Lock-free Multithreaded "Find Duplicates" support in digiKam 7.3.0

Preface: Juggling between multiple image hosting web services

Like many other young kids in Brazil in the early 2000s, Fotolog (discontinued) was my first photo collection web service. From there, I switched to Flickr, back then a broad image service in which you could store high-resolution photos.

In the meanwhile, Orkut (re-activated?) was the most popular social network in Brazil, and I used to store some of my photos in there too. Orkut eventually got replaced with Facebook, which at the time made it simple to store e.g. a batch of photos from my trips around the world.

Then, came Google Drive, Google+ (discontinued), and later on Google Photos. Until 2019, Google Drive and Google Photos were in sync, but that service got discontinued too.

Finally, my personal NAS also acted as a photo storage device until recently, when Seagate discontinued its PersonalCloud web service and its NAS OS 4 operating system.

As you can imagine, my photo collections got scattered over multiple providers and naturally, an increasing amount of duplicated images with varying qualities and sizes evolved over the years.

To solve this, I decided to put all of these in a single database, and started searching for software to handle the duplicates. As a big fan of the KDE community, I chose digiKam, an open-source professional photo management software.

Part 1: How digiKam finds similar images

In order to find similarities between images, digiKam uses the Haar cascades classifier algorithm from OpenCV. An excerpt from its Fuzzy View documentation provides more details:

digiKam characterizes every image by a lengthy number using a special technique (Haar algorithm) that makes it possible to compare images by comparing this calculated signature. The less numerical difference there is between any two image signatures, the more they resemble each other.

Before you can have digiKam finding duplicates their signatures (or fingerprints) have to be calculated. This process is atomic in a sense that each signature can be calculated independently. The image signature is created when the image is imported in the database.

Once the list of images to compare is calculated, their fingerprints are obtained from the database and stored in a memory cache on-demand for faster look-ups.

Once the fingerprints are known, the images are then ready to be compared against each other.
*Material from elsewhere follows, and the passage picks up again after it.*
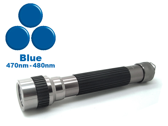 470 nm - 480 nm Blue LED, lampe de poche a 3 DEL, type de pile deux AA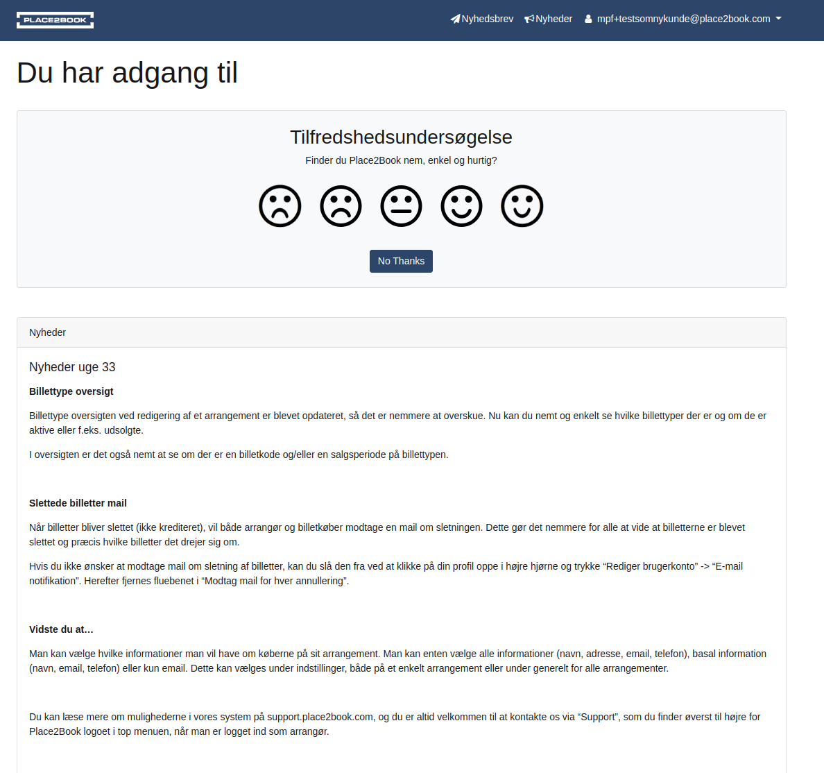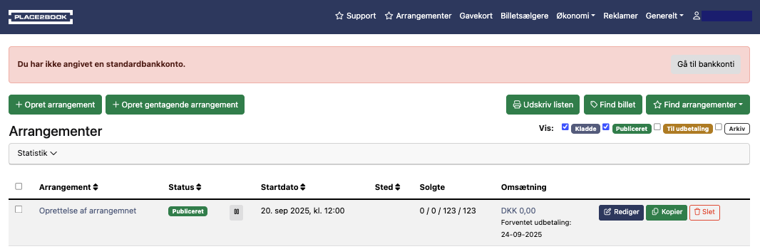 - Periode arrangement - Som er billetter som er gyldige inden for en hvis periode. Denne funktion er nyttig til eksempelvis museumsbilletter. Se en grundigere beskrivelse: https://support.place2book.com/support/solutions/articles/80001042062-periode-arrangement

This process translates in the pseudo-code below:

for imageId in imagesToCompare {
    similarImages = []

    if (imageId not in signatureCache) {
        signatureCache[imageId] = querySignatureFromDatabase(imageId)
    }

    for otherId in imagesToCompare {

        if (imageId == otherId) {
            continue
        }

        if (otherId not in signatureCache) {
            signatureCache[otherId] = querySignatureFromDatabase(otherId)
        }

        diff = calculateDiff(signatureCache[imageId], signatureCache[otherId])
        if (diff > threshold) {
            similarImages << otherId
        }
    }

    similarImagesDatabase[imageId] = similarImages
}

Part 2: Optimizing the sequential logic

This operation is implemented using a naïve O(n²) solution, and until recently was implemented sequentially on a single worker thread (search job). On a significantly large collection of photos, finding similar images could be an hours-long process that sub-utilized the computer’s capabilities.

Because each image gets its own similar images list, I realized this process could be broken down using in lock-free parallel threads. For that, I implemented the following:

1. Resolve all image ids before starting the searches jobs.
2. Create a shared Haar interface with signature cache to be used by all searches jobs in parallel.
3. Spawn a given amount of worker threads (searches jobs) depending on the amount of CPU cores.
4. Break down the whole “images to scan” set into iterator ranges, and assign each range to a dedicated worker thread.
5. Rebuild (or update) the search albums in the database.

The step 3) can be run lock-free with some adjustments e.g. because we’re using constant iterator ranges, it is not possible to remove unused images from the cache when running multi-thread. Also, because we use ranges in step 3), sometimes the same search album is generated multiple times in separate threads using different reference images.

In step 4) we ensure the aggregated results are filtered so there’s only one search album with similar images per duplicates found.

This work has since been released in the digiKam 7.3.0 release.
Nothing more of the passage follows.